I'm doing a project that makes unix system calls. To be specific, my project heavily relies of calls to getcontext(), makecontext(), swapcontext() and setcontext(). I tried to debug my code using gdb. I stepped into the code line by line and examined the control but once a call to swapcontext() is made, it doesn't step into the code anymore. Instead, debugging almost stops there and the rest of the program is run automatically instead of line by line. I guess gdb does not go into context calls? Is there any way to get around this? Is there a debugger that i can use for this? Thanks

setcontext and swapcontext calls change the program's stack, and gdb gets confused. I do not know whether some other debugger can handle it nicely.

Stepping with gdb over calls of swapcontext() with 'step' or 'next' does not work because not only the stackpointer changes but also the call returns to a different code line (which is the desired effect of swapcontext()). As gdb puts a breakpoint in the next code line which will not be executed until another swapcontext() returns to this place the execution will not break.

You need to foresee the line to which swapcontext() will return and set a breakpoint there. For a new (unused) context this will be the line you specified as entry function. For used contexts it will probably one of the lines after a swapcontext() there...

You can repeatedly use GDB's stepi command to first step into and then step through the swapcontext() function. You must step several dozen times, including a few steps over kernel system calls—I presume to save the floating point state?—and you'll eventually come out in the user thread you're swapping to. It's a tad time-consuming, but it works.

gdb steps through one thread and calls this the current thread.

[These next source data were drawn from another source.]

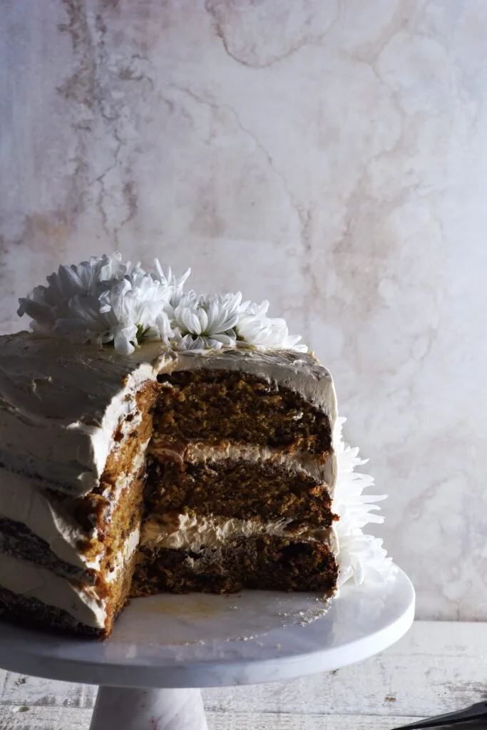 Date tahini toffee cake with salted tahini Swiss meringue buttercream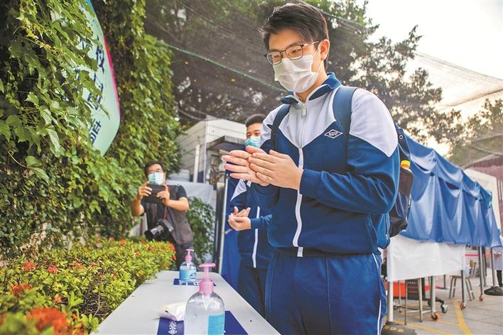 考慮到即將迎來較為炎熱的季節(jié),紅嶺中學(xué)高中部師生入校需要經(jīng)歷3次體溫檢測。據(jù)悉,當(dāng)天該校有1111名高三學(xué)生、202名老師返校,和其他學(xué)校的師生一樣,均經(jīng)過了核酸檢測且都呈陰性。學(xué)生從校門口開始走進(jìn)指定的通道,需要先在消毒池站立消毒,再進(jìn)行人臉識別測溫,然后到洗手池用消毒洗手液洗手后走進(jìn)紅線體溫測量通道,最后才能進(jìn)教室,進(jìn)入教室待身體“冷靜”下來些許后,再次用體溫槍檢測體溫。此外,入校以后每個(gè)學(xué)生還可以領(lǐng)取20個(gè)口罩,這是一周的用量。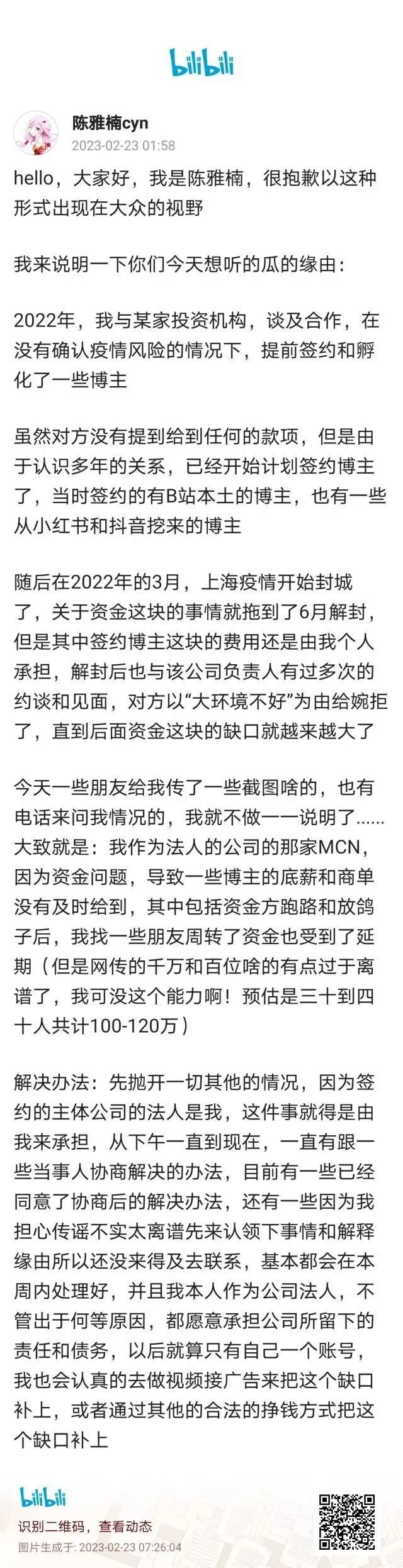 然後到了凌晨,一名叫陳雅楠的90萬粉絲up主表示,自己就是這個瓜的主人,原來,他是一家孵化up主的MCN機構的法人,但是由於發不出工資,這些up主們就採取了這麼一個方式。看起來像是一種變相催工資吧。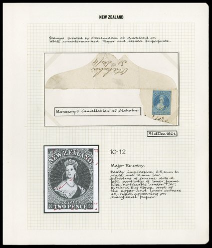 Wellington, the second with traces of margins in places and crisply cancelled "18" at Otago; an unusual pair. provenance: Gerald Ellott (imagea)
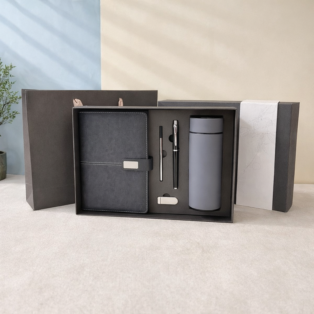 Agenda rafinata, cu coperta texturata si sistem de prindere metalic, ofera o experienta placuta de scriere si devine un accesoriu indispensabil pentru notite, planificari si intalniri. Pixul elegant, cu accente metalice, completeaza perfect estetica setului, iar memoria USB inclusa ofera utilitate suplimentara pentru stocarea documentelor esentiale. Termosul in nuanta moderna de verde adauga un plus de functionalitate, mentinand bauturile calde sau reci pe parcursul intregii zile.

Other threads will run as you are doing this. If you set a breakpoint that gets hit in a thread other than the current thread then gdb will change the current thread to that thread. Stepping is now relative to the new current thread.

As much as you may not like this answer, the best bet is to step through your code in small chunks by hand . Threaded programs don't play very well with debuggers like GDB and Valgrind (at least in my experience) and most bugs can be determined by a careful step-by-step manual analysis of the code.